Stored records
******************************

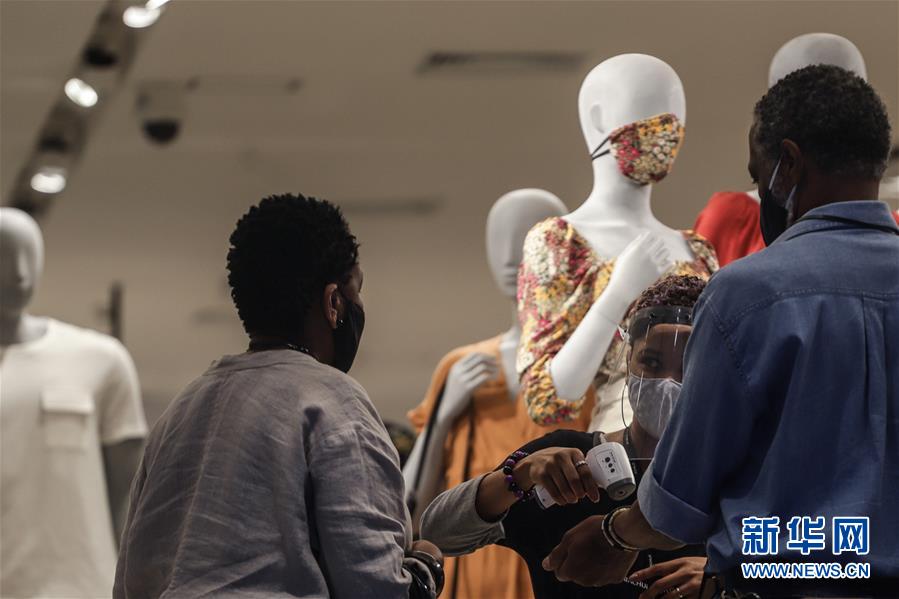 9月3日,巴西圣保罗一家服装店的店员给顾客测量体温。 根据巴西卫生部3日晚公布的最新数据,全国24小时内新增新冠确诊病例43773例,累计确诊病例4041638例。 新华社发(拉赫尔·帕特拉索 摄)
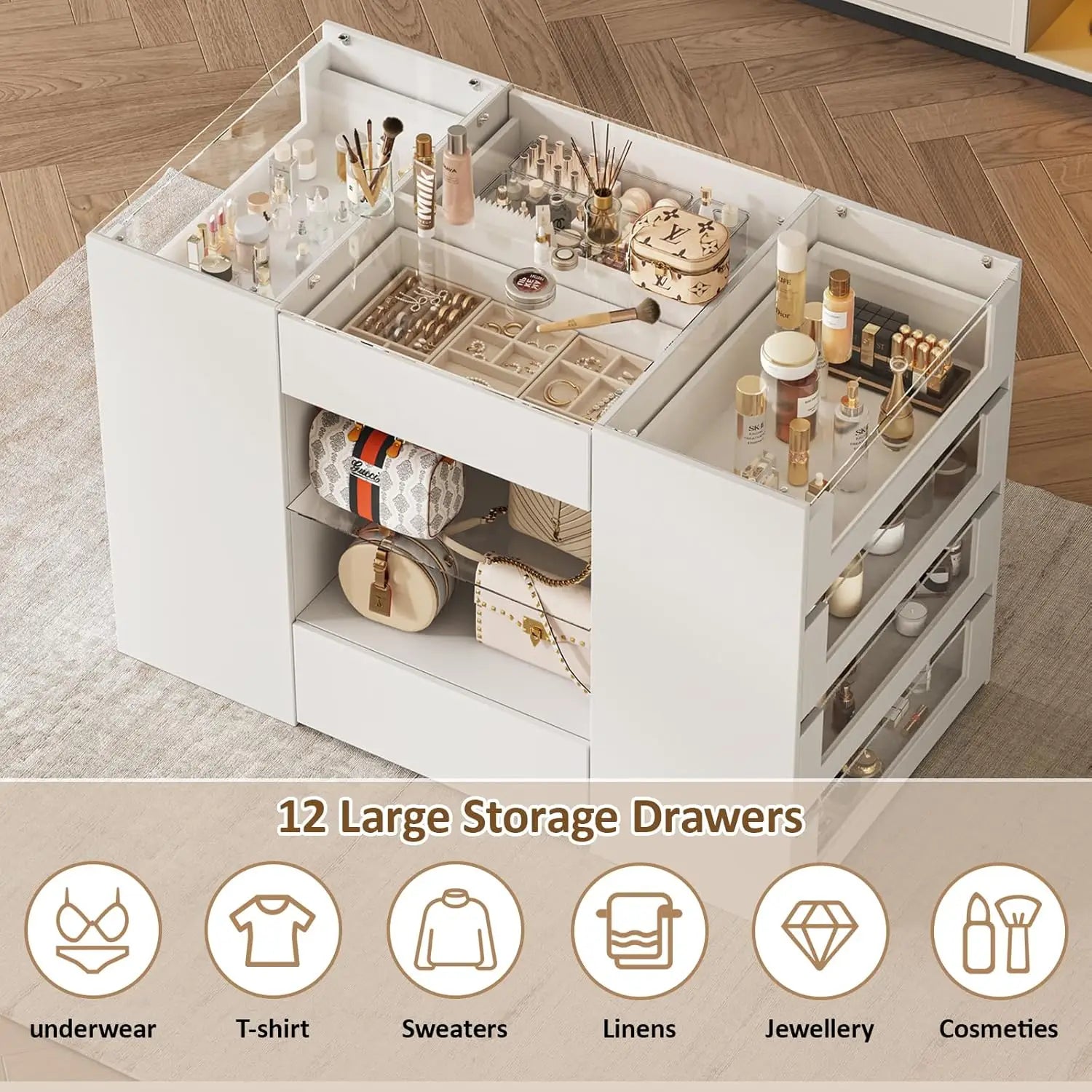Closet Island with Drawers, Wardrobe Armoire Bedroom Island, Glass Display Shelf & 12 Drawers,
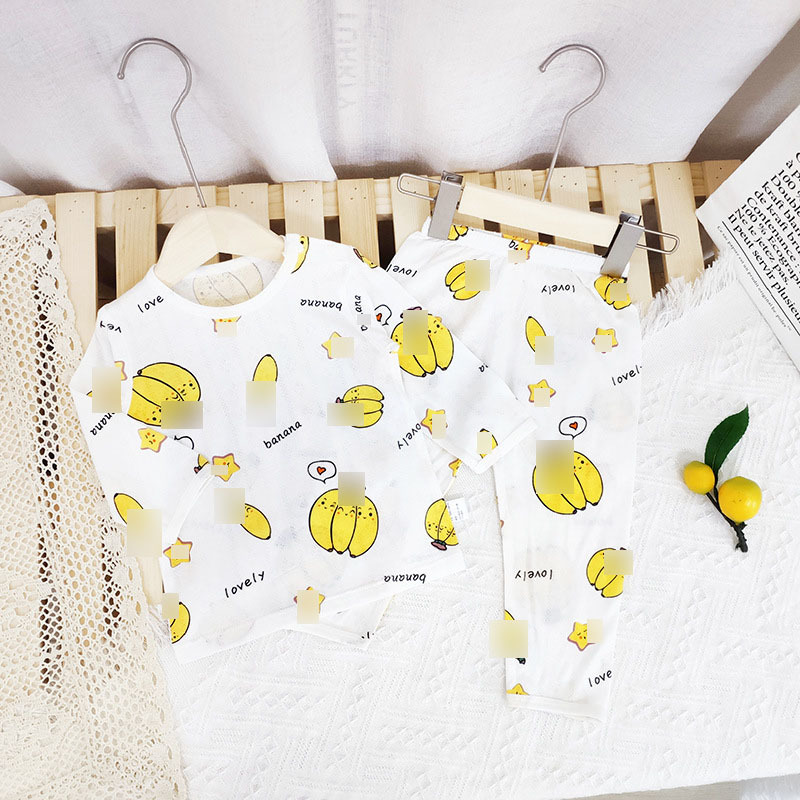 73-130 크기 남성과 여성 아기 여름 대나무 섬유 에어컨 의류 세트 아기 얇은 통기성 잠옷 속옷 배달
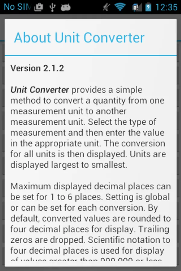 Maximum displayed decimal places can be set for 1 to 6 places. Setting is global or can be set for each conversion. By default, Converted values are rounded to four decimal places for display. Trailing zeros are dropped. Scientific notation to four decimal places is used for display of values greater than 999 999 or less than 0.001 (for four decimal places). (Accuracy may degrade due to accumulated rounding errors.)
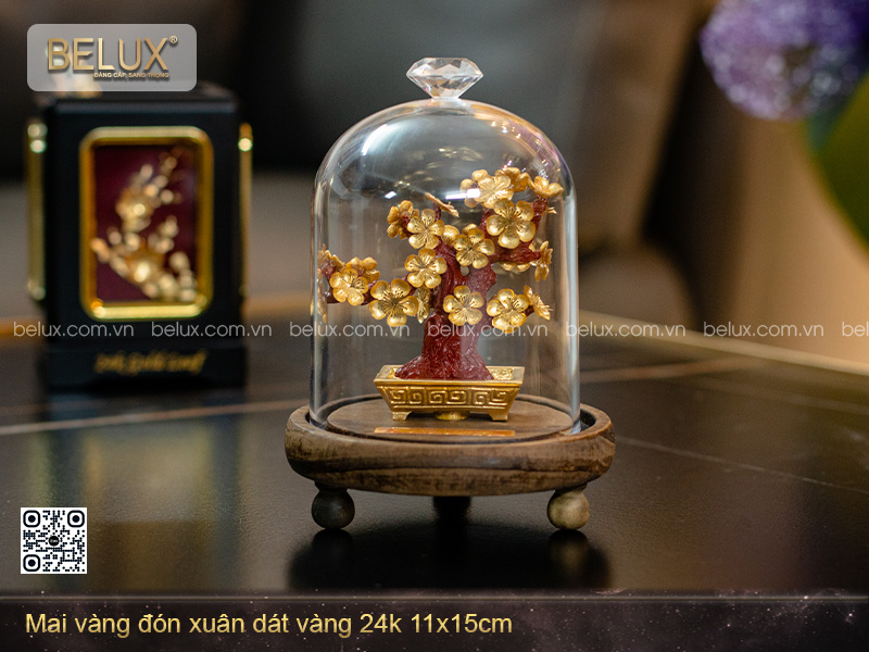 Chậu mai vàng đón xuân mạ vàng 24k thể hiện hy vọng về tương lai tươi sáng với mong muốn có được may mắn, tiền tài, danh vọng dồi dào trong năm mới. Chậu mai tất cả tâm huyết của những người nghệ nhân tại BELUX với từng chi tiết khéo léo được khắc họa trên cây mai. Mỗi cánh hoa đều được chăm chút tỉ mỉ, được mạ vàng lá 24K thanh khiết. Tất cả tạo nên một sản phẩm hoàn hảo nhất về cả ý nghĩa tinh thần lẫn giá trị nghệ thuật. Khi dùng làm quà tặng, Chậu hoa mai dát vàng 24K sẽ thay bạn gửi đi lời chúc hạnh phúc, suôn sẻ và thành công đến với người nhận. Chậu hoa mai dát vàng phù hợp để làm quà tặng sếp, quà tết tặng khách hàng, tặng người thân dịp tết…Quý khách có thể trưng bày tại nhiều không gian khác nhau trong nhà như phòng khách, phòng làm việc, văn phòng,….
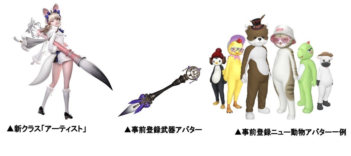 事前登録を行っていただいた方全員に、「アーティスト」専用武器アバターや称号、今回初登場となるアバターが含まれた「ニュー動物アバター選択箱」、戦闘を有利に進められる「バトルアイテム総合箱」、「レア職業専用刻印書選択箱」などをプレゼントいたします。

******************************

Starting at the line containing "73-130 크기 남성과" and finishing at the line containing "Maximum displayed decimal", return those lines exactly as they appear above, without the pictures.

 73-130 크기 남성과 여성 아기 여름 대나무 섬유 에어컨 의류 세트 아기 얇은 통기성 잠옷 속옷 배달
 Maximum displayed decimal places can be set for 1 to 6 places. Setting is global or can be set for each conversion. By default, Converted values are rounded to four decimal places for display. Trailing zeros are dropped. Scientific notation to four decimal places is used for display of values greater than 999 999 or less than 0.001 (for four decimal places). (Accuracy may degrade due to accumulated rounding errors.)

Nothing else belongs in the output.